Inquiétudes de Jacques Foccart

Le directeur de la CIA se plaint de l’interdiction de placer ses hommes dans le Peace Corps

Côté Etats-Unis, l’influence des Peace Corps américains reste également limitée par la légende urbaine qu’ils seraient des agents de la CIA sous couverture. Même leurs alliés se méfient de « ces volontaires auxquels les Américains donnent une formation très idéologique », comme l’écrit dans ses carnets Jacques Foccart, le « Monsieur Afrique » du Général De Gaulle. « Ils ne font pas autre chose que du renseignement ou de la propagande »[3]. Une chimère en réalité : des notes récemment déclassifiés aux Etats-Unis montrent qu’une règle en vigueur dès le départ disqualifiait automatiquement les candidats qui voulaient s’enrôler dans les Peace Corps, s’ils avaient eu auparavant une carrière dans un service de renseignement. Et même la CIA se plaignait d’une telle interdiction ! « Je pense que cette interdiction porte un terrible désaveu envers les hommes et les femmes honorables qui servent leur nation en travaillant à la CIA »[4], fulminera William Casey, le maitre-espion américain au début des années 80.

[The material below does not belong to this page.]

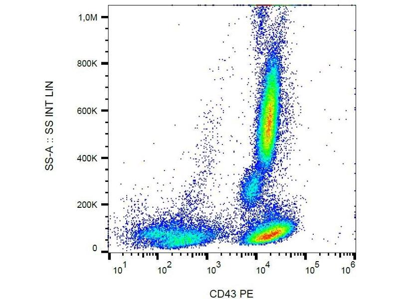 The antibody MEM-59 recognizes a neuraminidase-sensitive extracellular epitope on CD43 (Leukosialin), a 95-135 kDa type I transmembrane glycoprotein (mucin-type) which is involved in lymphocyte activation. CD43 is expressed by platelets and at high levels on the surface of all leukocytes, it is negative on resting B lymphocytes and erythrocytes.
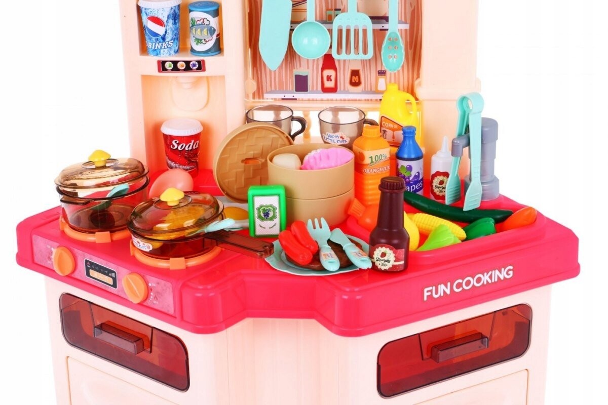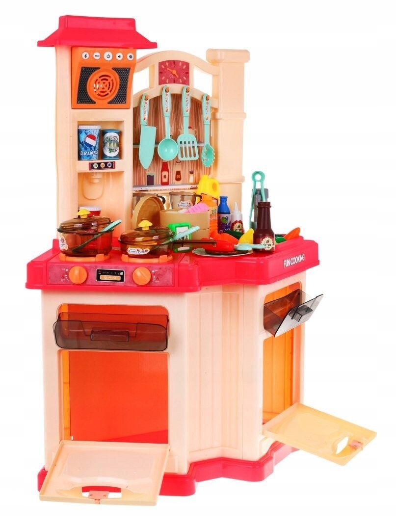 Кухня – любимая игрушка каждой девочки и многих мальчиков, эта, выполненная в розовых тонах, особенно понравится маленьким хозяйкам. Кухня предназначена для детей старше трех лет. Он имеет звуковые и световые эффекты, а также кран, из которого льется вода, и одну горелку, производящую пар. Кухня также оборудована часами с движущимися стрелками, вентилятором со звуком и играющим радио. Комплект питается от 6 батареек типа АА, которые не входят в комплект поставки.

De toute façon, au tournant des années 60-70, les Américains embourbés au Vietnam, se désintéressent de plus en plus de la coopération avec l’Afrique, se contentant de livrer des armes et de soutenir politiquement les régimes qui leur sont déjà acquis (Zaïre et Afrique du Sud notamment). Ils ne réagissent même pas quand l’Ethiopie de Hailé Selassié bascule dans la dictature militaire communiste en 1974 et que le Peace Corps doit plier bagage.

A partir du début des années 70, l’URSS va également concentrer ses efforts sur le continent noir dans le seul domaine militaire et déléguer la coopération éducative aux autres pays de l’Est. L’Allemagne de l’Est par exemple devient à partir de 1973, le principal « coopérant » civil du bloc de l’Est en Afrique. Les « chemises bleues », les jeunesses communistes est-allemandes sont envoyés dans les champs et dans les usines notamment au Congo, Angola, Mozambique. Surtout, les Allemands de l’Est excellent dans la formation à la propagande, notamment avec ADN, l’agence de presse nationale chargée de former les journalistes africains issus des pays frères en Afrique.

Au final, le bloc de l’Est a-t-il réellement été capable de produire des élites «rouges», guidées par l’idéologie communiste et soucieuses de mettre en place une administration et une bureaucratie de type socialiste en Afrique ?

Certains anciens élèves du bloc soviétiques ont effectivement accédé au plus haut niveau dans leurs pays alors d’orientation marxiste : José Eduardo dos Santos, président de l’Angola à partir de 1979, a étudié en URSS de 1963 à 1969 ; il était le principal dirigeant des étudiants angolais en URSS et a obtenu à Bakou un diplôme d’ingénieur du pétrole et des télécommunications. Fikre-Selassié Wogderess, Premier ministre éthiopien de 1985 à 1987, a étudié à l’Institut de sciences sociales à Moscou en 1975. Alemu Abebe, ministre de l’Agriculture en Éthiopie a fait des études de médecine vétérinaire à Moscou. Au Mali, plusieurs présidents ont été formés derrière le rideau de fer, parmi lesquels Alpha Oumar Konaré (1971-1975 : Institut d’Histoire, Université de Varsovie, Amadou Toumani Touré (1974-1975 : École supérieure des troupes aéroportées à Riazan en URSS), Dioncounda Traoré (1962-1965 : Faculté de langue russe à Moscou et Faculté de mécanique et mathématiques de l’Université d’État de Moscou).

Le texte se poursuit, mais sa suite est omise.